● **TASK INSTRUCTIONS**:
Across the records that follow, count each line holding "corner", and write only the total.

● **STUDY MATERIAL**:
^^^^^^^^

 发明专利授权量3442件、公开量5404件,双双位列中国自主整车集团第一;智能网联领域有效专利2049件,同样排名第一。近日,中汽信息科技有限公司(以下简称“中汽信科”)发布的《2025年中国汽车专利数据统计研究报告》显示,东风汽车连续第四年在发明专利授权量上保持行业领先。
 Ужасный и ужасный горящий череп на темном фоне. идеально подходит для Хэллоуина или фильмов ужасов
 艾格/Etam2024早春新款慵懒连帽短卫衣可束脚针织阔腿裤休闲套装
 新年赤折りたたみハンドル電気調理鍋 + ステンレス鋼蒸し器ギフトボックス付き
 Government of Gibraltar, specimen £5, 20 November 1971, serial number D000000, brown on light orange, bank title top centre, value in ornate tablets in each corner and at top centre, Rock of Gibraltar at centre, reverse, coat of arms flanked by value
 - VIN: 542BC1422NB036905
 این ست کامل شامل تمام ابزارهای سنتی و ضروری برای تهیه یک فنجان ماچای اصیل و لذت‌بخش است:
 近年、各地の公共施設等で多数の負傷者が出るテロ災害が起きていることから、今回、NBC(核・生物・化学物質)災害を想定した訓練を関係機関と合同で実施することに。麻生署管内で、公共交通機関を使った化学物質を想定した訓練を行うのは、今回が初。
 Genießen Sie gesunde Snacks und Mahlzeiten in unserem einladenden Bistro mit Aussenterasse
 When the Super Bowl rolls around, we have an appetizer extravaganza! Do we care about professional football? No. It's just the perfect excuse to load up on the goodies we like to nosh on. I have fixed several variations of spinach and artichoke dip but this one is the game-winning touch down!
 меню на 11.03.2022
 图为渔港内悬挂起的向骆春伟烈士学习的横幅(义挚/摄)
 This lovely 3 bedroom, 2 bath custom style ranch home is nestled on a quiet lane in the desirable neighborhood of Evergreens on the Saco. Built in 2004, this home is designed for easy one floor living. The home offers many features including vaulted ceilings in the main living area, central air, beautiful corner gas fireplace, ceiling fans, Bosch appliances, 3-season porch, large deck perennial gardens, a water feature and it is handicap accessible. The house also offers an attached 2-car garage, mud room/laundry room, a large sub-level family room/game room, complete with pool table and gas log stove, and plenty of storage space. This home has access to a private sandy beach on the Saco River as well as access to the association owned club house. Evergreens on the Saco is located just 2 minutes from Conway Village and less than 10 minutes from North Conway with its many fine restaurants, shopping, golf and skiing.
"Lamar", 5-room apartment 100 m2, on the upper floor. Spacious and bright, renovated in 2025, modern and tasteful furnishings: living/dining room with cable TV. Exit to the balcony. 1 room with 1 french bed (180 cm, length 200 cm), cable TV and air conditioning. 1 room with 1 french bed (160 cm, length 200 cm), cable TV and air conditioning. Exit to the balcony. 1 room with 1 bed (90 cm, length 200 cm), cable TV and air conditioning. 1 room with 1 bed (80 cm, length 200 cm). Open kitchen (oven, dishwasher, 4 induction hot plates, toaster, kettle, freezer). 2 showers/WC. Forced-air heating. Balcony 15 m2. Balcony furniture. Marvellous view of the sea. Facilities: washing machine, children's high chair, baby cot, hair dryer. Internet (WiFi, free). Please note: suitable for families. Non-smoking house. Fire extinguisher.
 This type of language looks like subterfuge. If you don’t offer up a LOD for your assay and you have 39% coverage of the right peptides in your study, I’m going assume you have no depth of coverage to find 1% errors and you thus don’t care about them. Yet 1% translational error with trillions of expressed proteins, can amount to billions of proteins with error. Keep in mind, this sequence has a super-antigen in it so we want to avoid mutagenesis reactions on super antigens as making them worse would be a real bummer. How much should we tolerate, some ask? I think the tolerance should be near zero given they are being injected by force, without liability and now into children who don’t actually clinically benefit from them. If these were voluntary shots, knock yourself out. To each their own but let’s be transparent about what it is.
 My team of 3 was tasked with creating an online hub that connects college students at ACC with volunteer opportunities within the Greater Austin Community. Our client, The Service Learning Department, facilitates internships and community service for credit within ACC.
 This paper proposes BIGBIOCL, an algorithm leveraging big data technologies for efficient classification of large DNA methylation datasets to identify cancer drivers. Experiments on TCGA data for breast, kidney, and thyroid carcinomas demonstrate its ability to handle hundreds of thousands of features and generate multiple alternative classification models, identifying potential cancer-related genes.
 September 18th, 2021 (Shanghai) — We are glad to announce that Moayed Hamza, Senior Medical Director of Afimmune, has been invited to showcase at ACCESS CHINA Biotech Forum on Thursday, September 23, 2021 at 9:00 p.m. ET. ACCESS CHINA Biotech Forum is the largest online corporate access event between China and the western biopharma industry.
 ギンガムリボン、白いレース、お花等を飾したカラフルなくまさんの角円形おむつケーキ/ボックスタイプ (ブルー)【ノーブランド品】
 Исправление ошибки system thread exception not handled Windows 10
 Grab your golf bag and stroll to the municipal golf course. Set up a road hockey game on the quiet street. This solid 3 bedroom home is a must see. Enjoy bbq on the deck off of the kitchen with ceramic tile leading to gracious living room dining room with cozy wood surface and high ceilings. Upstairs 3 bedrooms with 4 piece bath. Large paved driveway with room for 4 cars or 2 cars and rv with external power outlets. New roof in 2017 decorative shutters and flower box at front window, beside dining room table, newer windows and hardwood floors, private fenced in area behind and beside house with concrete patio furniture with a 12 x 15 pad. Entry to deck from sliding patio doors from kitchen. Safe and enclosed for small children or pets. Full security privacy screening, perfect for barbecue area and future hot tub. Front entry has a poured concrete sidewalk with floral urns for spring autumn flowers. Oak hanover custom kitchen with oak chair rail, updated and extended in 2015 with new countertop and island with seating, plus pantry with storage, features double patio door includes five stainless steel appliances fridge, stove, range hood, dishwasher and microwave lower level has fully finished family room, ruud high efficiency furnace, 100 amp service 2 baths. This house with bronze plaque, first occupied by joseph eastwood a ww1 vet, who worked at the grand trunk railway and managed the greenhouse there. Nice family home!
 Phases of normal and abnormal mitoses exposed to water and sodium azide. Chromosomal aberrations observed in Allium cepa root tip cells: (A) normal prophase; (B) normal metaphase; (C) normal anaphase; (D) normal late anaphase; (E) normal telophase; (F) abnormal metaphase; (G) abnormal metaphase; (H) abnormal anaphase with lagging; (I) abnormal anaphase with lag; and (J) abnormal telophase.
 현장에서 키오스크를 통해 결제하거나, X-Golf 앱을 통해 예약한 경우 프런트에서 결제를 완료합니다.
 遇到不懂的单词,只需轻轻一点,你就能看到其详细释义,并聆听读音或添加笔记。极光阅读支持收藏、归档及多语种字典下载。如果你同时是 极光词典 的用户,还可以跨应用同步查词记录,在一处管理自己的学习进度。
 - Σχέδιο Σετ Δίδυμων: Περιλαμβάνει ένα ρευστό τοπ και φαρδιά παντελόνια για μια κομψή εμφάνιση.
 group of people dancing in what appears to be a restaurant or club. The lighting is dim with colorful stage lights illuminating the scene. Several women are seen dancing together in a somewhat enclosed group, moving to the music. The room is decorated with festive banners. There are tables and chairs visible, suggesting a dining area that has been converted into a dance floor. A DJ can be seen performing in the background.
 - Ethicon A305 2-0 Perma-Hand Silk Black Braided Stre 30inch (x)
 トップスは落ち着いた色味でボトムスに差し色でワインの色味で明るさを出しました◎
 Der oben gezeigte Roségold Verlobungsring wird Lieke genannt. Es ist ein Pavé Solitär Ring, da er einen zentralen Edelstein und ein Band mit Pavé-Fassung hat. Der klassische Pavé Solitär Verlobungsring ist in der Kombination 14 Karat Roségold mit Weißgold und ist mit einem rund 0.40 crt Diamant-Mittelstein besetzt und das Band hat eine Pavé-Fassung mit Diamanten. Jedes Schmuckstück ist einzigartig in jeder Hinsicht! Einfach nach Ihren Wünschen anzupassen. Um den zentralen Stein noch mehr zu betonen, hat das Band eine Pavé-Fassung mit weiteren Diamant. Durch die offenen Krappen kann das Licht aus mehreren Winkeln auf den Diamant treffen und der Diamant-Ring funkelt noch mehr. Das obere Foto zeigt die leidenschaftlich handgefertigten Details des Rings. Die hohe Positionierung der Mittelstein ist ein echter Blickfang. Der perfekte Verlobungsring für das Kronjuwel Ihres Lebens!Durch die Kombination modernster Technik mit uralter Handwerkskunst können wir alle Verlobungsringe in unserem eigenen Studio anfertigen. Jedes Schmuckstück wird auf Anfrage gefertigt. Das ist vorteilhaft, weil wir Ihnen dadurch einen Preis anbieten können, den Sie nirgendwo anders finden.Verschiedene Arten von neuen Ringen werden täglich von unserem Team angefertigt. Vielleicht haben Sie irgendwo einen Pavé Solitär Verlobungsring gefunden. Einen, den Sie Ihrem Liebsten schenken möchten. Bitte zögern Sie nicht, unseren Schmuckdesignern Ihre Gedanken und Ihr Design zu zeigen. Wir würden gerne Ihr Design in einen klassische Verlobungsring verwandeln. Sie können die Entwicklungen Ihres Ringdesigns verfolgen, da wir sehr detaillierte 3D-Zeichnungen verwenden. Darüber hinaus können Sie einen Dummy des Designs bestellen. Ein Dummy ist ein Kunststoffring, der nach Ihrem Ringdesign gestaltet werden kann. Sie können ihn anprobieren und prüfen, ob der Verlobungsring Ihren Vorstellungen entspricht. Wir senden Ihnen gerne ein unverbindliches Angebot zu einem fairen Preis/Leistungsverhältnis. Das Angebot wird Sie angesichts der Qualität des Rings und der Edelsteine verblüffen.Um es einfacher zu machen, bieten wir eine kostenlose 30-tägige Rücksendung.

^^^^^^^^

● **RESULT BELOW**:
2